Now let’s consider those commercial entities that do actually have underlying cash exposures within physical commodity markets: the so-called hedgers. In the process of offsetting cash market risk, there are infinite variations in the amount of exposure that commercial entities may choose when developing their hedges, and these choices may partly be made with a view to profiting from the expected course of futures prices. In fact, companies often incorporate predictions of the future course of prices when executing hedges. Thus, rather than being indifferent to the future price levels like those perfectly hedged entities dreamed up by the conventional creed, real-world hedgers may select varying amounts of exposure when developing their hedges. No one knows which level of exposure is required before a partial hedge can be classified as a near-naked speculative bet. And by extension, there is no objective way in which we can delineate speculative from hedging activities.
Academic surveys of commercial firms give us reason to believe that commercial entities are engaging in risk management activities that are quite unbecoming of their historical status as ‘hedgers’. According to one survey, no less than 60 percent of the respondents indicated that some profit-based criteria were factored into their risk management evaluations. Such evidence confounds the view that the purpose of commercial risk management is to simply reduce risk. Even farmers appear to be getting drawn into the speculative bonanza. In one US-based study carried out by Farm Futures magazine, approximately 35 percent of farmers admitted to speculating in commodities that they do not raise; 25 percent of farmers said that they use futures and options to buy or sell more than their actual production; and almost 70 percent of corn growers and over 60 percent of soybean growers admitted to holding corn and soybeans un-hedged. Moreover, now there is mounting evidence that farmers are engaging in speculative hoarding.

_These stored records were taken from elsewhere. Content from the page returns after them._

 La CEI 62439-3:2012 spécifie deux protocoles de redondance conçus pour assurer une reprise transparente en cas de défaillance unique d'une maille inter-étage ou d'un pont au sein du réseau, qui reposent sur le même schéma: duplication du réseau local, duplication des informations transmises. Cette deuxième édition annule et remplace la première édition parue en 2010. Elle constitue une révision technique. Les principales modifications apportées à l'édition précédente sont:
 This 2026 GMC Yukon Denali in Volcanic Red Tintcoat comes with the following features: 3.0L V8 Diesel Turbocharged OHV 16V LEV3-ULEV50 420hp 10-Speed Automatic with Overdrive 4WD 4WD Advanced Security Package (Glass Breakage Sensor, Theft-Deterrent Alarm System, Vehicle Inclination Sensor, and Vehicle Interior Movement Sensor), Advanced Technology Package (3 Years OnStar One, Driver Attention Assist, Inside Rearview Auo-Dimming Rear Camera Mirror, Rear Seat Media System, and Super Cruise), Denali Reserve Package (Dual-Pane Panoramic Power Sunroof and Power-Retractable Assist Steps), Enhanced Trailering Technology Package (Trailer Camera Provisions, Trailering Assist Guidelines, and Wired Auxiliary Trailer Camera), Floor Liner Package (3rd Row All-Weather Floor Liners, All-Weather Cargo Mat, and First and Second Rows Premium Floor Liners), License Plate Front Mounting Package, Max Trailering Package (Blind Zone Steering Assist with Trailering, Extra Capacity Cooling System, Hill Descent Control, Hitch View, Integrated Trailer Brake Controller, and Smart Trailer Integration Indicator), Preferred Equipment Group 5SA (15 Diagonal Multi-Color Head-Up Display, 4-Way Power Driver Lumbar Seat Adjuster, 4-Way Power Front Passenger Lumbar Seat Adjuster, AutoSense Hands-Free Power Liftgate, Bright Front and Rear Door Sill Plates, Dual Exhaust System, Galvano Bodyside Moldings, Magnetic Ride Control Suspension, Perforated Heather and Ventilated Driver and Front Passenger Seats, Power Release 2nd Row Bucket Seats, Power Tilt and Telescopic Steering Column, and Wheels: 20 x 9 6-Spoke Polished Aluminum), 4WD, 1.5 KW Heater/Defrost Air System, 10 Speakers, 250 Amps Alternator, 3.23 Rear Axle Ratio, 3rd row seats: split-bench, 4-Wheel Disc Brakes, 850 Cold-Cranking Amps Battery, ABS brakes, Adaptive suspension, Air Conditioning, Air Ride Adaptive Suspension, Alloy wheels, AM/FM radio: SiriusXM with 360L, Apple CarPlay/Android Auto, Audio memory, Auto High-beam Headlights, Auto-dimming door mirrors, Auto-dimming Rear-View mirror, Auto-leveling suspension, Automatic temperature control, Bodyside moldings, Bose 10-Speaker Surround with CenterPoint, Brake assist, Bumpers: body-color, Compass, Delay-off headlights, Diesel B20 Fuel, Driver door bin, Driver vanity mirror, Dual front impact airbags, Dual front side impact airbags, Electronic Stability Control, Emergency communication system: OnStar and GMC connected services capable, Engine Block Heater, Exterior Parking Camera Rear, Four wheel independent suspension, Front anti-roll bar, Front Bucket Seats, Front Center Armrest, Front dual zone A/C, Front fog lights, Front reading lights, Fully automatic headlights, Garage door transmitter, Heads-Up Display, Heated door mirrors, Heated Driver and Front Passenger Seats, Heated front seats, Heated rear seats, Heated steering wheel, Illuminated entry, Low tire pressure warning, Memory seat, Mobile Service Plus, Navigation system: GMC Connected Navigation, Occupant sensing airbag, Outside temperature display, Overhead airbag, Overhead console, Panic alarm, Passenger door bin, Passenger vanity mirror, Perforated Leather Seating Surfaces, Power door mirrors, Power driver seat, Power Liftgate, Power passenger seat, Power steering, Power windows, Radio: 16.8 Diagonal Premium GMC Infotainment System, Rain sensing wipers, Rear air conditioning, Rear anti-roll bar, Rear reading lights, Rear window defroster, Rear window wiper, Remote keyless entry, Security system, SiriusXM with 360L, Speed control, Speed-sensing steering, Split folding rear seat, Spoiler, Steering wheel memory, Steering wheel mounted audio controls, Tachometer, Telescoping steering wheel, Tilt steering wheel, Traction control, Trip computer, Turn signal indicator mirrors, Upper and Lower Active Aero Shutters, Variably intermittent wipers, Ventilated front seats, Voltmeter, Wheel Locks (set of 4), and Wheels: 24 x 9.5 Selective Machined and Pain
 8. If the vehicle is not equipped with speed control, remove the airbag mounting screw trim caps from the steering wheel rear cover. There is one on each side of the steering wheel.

Thus, when scrutinized, the hedging/speculation dualism breaks down into a complex morass of risk management practices in which ‘commercial’ entities may be actively seeking risk, while ‘financial’ entities may be actively avoiding it. Greg Kuserk – the Commodity Futures Trading Commission Deputy Director for Market Surveillance – summed up this rather confusing situation perfectly: ‘The continued development of portfolio and risk management theories and practices has blurred the distinction between pure hedging and pure speculation. Today we see hedgers that behave somewhat as speculators—as they choose to hedge or not hedge based on price expectations—and speculators behaving somewhat as hedgers—in the sense that they are using derivatives to reduce the overall risk of a portfolio’.
The capital as power framework has already debunked a number of conceptual dualisms that are espoused to various degrees by both mainstream and heterodox economics: production and finance, politics and economics, the real and the nominal. Perhaps it’s about time we take aim at another dualism: speculation and hedging.